# Shark ID Request



## Troutfisch (Jun 19, 2005)

Went offshore yesterday with a buddy of mine and at a wreck 33 miles out of Sabine he hooked into a big shark while we were snapper fishing. The fight lasted around 25 minutes with the fish making a few good runs before we could get him close enough to snap some pictures. After we got him in for his close-up we cut the line above the leader and watched him swim off (can't believe it didn't break off seeing as the line was only 20 lb test and we only had a 3 ft. leader on). We estimated it to be around 10-11 ft. long - the pictures just don't do her justice.
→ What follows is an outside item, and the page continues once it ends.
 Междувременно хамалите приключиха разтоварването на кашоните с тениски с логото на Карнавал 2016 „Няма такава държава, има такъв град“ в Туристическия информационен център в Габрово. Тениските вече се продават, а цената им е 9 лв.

Anyways, was wondering if it was a blacktip or a spinner. Considering the size of the shark I was certain it was a spinner but now that I'm looking at these pictures more closely it's head seems broader and more resembling that of a blacktip. Then again I've heard blacktips seldom get over 9 ft. and thus I am pretty confused. If any of you seasoned sharkers on this board can point me in the right direction I'd appreciate it.


----------



## BeachBumCSF (Nov 22, 2005)

10' is bit big for a spinner or blacktip. However, it has the markings of a spinner shark. Silky is possible, but I do not see an interdorsal ridge, but the pics do not favor see that feature.
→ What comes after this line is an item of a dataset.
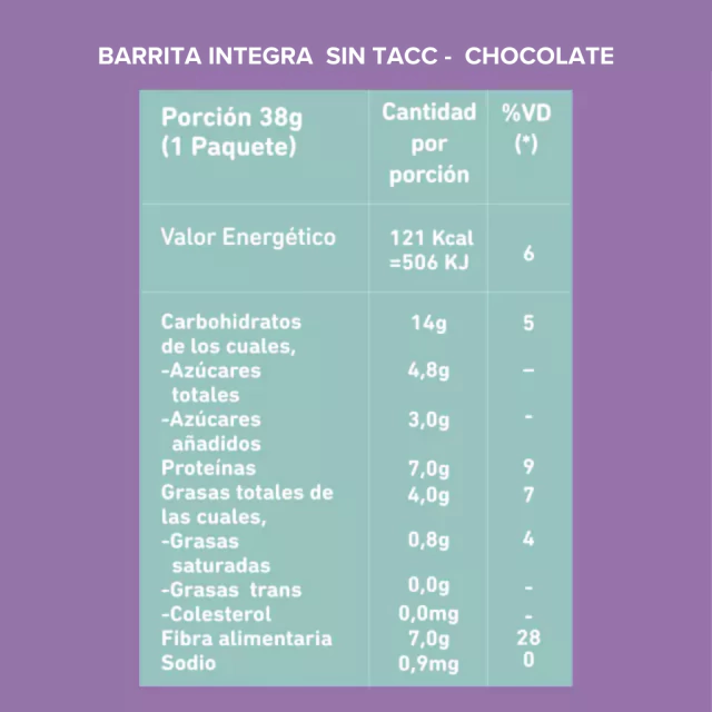 Barrita semillas y chocolate: Trigo sarraceno, proteína vegetal texturizada, fibra de la raíz de achicoria (inulina), almibat de azúcar mascabo, maní, almendra, amaranto inflado, chips de chocolate semiamargo, semillas de girasol, semillas de chía, cacao en polvo y aromas
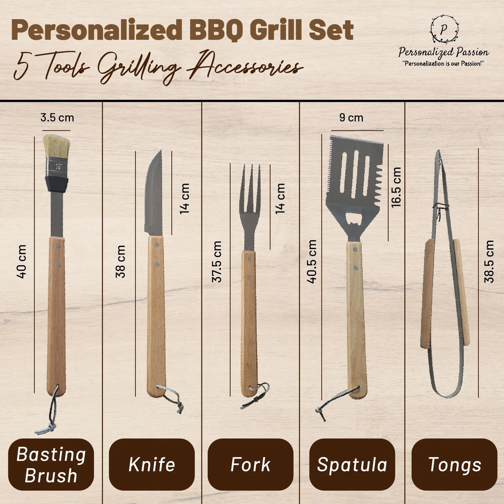 Personalized Grill Set with Wooden Box Seeking Effortless Elegance in Grilling? Tired of ordinary grilling tools? Get ready to dive into the world of grilling perfection with our personalized BBQ grill set. This set isn't just about grilling; it's a statement of individuality. With your name or initials elegantly engraved on the wooden case, this set becomes an extension of your identity, turning every barbecue session into a personal culinary journey. It includes everything you need to get started grilling like a pro. The perfect gift for any grill lover in your life, it will make them the envy of everyone at the next cookout. User-friendly, Safe Design Grilling should be a joy, not a hassle. Our grill utensils set is designed with your comfort and safety in mind. From the ergonomic handles that ensure a secure grip to the precision engineering that guarantees smooth operation, each tool is a testament to user-centric design. Experience the confidence of well-made tools that enhance your grilling prowess! Easy to Clean, Dishwasher Safe After the sizzle comes the cleanup but don’t worry; our grill set's elegance extends beyond the grill. With barbecue tools, crafted from high-quality stainless steel, cleaning becomes a breeze. Simply toss them in the dishwasher without worry. Package Includes Our set of BBQ accessories includes everything you would need for a barbeque session like a spatula, tongs, knife and a basting brush. All of the tools are made out of durable stainless steel and high-quality wood that is meant to last for a long time. Even the bristles on the brush are made from fine-quality plastic. ✅ Unique laser engraved grilling tools set for any BBQ lover ✅ Comes with an easy-to-organize box to carry on the go ✅ Customize the Wooden case with name or any other text ✅ Perfect for gifting or indulging in your own grilling experience ELEVATE YOUR GRILLING EXPERIENCE – Whether you're grilling up steak, chicken, or veggies, our personalized barbeque grill accessories set has everything you need to make tasty meals while adding a touch of class to your outdoor cooking. CUSTOMIZE WITH EASE – Make this grill kit uniquely yours by personalizing the wooden box. Simply click on "Customize now", provide the text you want to add and we will get it done for you. A COMPLETE GRILLING SET – Our thoughtfully curated BBQ set includes a grill spatula, grill tongs, fork, knife and a basting brush in a rustic wooden case. Each tool is a masterpiece, designed to make your grilling experience flawless. CRAFTED FOR EXCELLENCE – Made from high-quality stainless steel and wood, our BBQ accessories guarantee robustness and longevity. No need to worry about rust or cracks, each tool is built to withstand the test of time. A UNIQUE GIFT FOR ANY BBQ LOVER – Whether it's for your dad, husband, uncle, or anyone who loves grilling, our personalized grill tool set makes an exceptional gift. With its custom engraving and user-friendly design, it's a must-have for any BBQ lover.

Question, is it possble that in the excitment, the seem bigger then what it really was. Hell of a fish, though.

My best guest from these pictures ---> Spinner shark


----------



## Troutfisch (Jun 19, 2005)

Well prior to this shark we caught four small blacktips from 3-4 feet long and this fish was easily 3 times as big as some of them. We didn't realize he was so big until we got him alongside the boat and I was only a few feet away from him. Easily the biggest one I've ever released - that's for sure!


----------



## BeachBumCSF (Nov 22, 2005)

Congrats on the catch!


----------



## scrambler (May 28, 2004)

Hard to tell from the pics. It looks like a spinner but the state record is 7 1/2 feet long so it is not likely a spinner if it was 10-11 feet long.


----------



## Public Enemy (Jul 6, 2005)

Dang nice Shark


----------



## dryespo (Aug 26, 2005)

My guess is a lemon shark..But hard to say from pics. Pretty common fish.
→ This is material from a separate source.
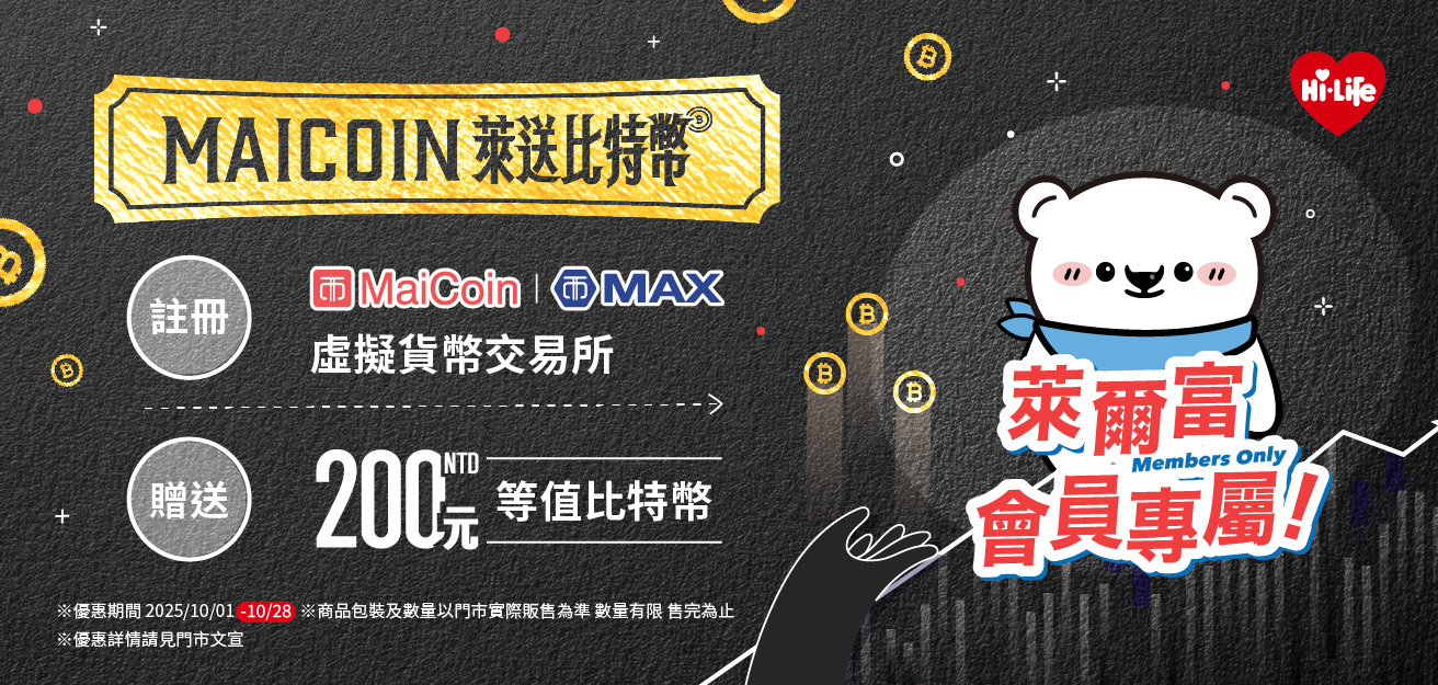 Maicoin X 萊爾富專屬會員活動登場! 快來註冊享好禮~

http://www.oceanlight.com/html/lemon_shark.html


----------



## Sponge (Jun 22, 2004)

I'm very sure it's not a lemon.



dryespo said:


> My guess is a lemon shark..But hard to say from pics. Pretty common fish.
> 
> http://www.oceanlight.com/html/lemon_shark.html


----------



## BeachBumCSF (Nov 22, 2005)

dryespo said:


> My guess is a lemon shark..But hard to say from pics. Pretty common fish.
> 
> http://www.oceanlight.com/html/lemon_shark.html


I disagree....doesn't have that particular markings on the fins. Can't see the second dorsal to seal the deal on it. I am 99.99% sure it is not a lemon.


----------



## Redfishr (Jul 26, 2004)

spinner................but not that long,,,,,,,,,,,,,,,,,IMO


----------



## BeachBumCSF (Nov 22, 2005)

Redfishr said:


> spinner................but not that long,,,,,,,,,,,,,,,,,IMO


 I wasn't their and it seems like a nice fish. However, I think the excitement factor played a role in the length.


----------



## mastercylinder60 (Dec 18, 2005)

and, because of refraction, everything looks closer and bigger underwater when looking down into it from a boat.


----------



## Troutfisch (Jun 19, 2005)

After further review I must agree with BeachBumCSF and Redfishr - it is indeed a spinner shark. The anal fin (shown in the first picture I took - although is hard to make out) has a black marking on it, which is absent among blacktips (see below picture - top shark is a spinner, bottom shark is a blacktip). Also the long pointed snout is another indicator according to the Florida Museum of Natural History Ictheology Department (which btw is a great site for fish identification).










As far as the size of the shark goes I'll admit I was excited when we got him to the boat but this shark was not 7 feet long or less. It had to be at least 8 - 9 feet long for sure. Check out this quote from the website of the Florida Museum of Natural History Ictheology Department on Spinner Shark growth rates:


> Spinner sharks reach a maximum total length of 9.8 feet (3 m) and a maximum weight of 198 pounds (89.7 kg). However, the average size of these sharks is about 6.4 feet (1.95 m) and 123 pounds (56 kg). Female spinner sharks mature at 5.6-6.6 feet (1.7-2.0 m) TL and males mature at 5.2-6.7 feet (1.6-2.0 m) TL. Upon reaching maturity, the spinner shark grows approximately 2 inches/yr (5 cm/yr), reaching maximum size at 10-20 years of age. This species is generally smallest in the northwestern Atlantic and largest in the Indian Ocean and Indo-West Pacific.


Either way I could really care less how big the shark was - it was just amazing to watch my buddy fight it all the way to the boat and to release him back into the deep.

Thanks for all the help everyone.


----------



## S.O.B.(Salt On the Brain) (Jan 8, 2006)

*Not a silky*

I saw a LOT of silkys in the Caribbean, They have a short rounded dorsal, and VERY long pectorals, and are very slender, much like a blue shark. A little fatter, and a darker gray-blue than a blue shark. It might be a dusky, but I'm not as confident on my dusky I.D.

I have a pic of what may well be the same kind of shark. About 7 feet long, heavy like a bull shark, but the second dorsal is too small, and the snout just a little too pointy.

Lance.


----------



## Redfishr (Jul 26, 2004)

It was defianatly a great catch...............and a bigun


----------



## bk005 (Feb 23, 2005)

Great catch and some awesome C&R pics.


----------



## marsea (Dec 20, 2005)

That's a spinner for certain. I can see a black tip on that anal fin and black tips on both dorsals and a Z-line in that middle picture.
Eric S


----------



## Freshwaterman (May 21, 2004)

Definately a Spinner..


----------



## kunder3006 (Aug 12, 2005)

nice catch


----------



## POWER FISHER (Mar 13, 2006)

my gess would be a smooth dogfish


----------



## Knight Sharker (Aug 22, 2006)

Is There Any Chance Thats A White Tip That Far Out?


----------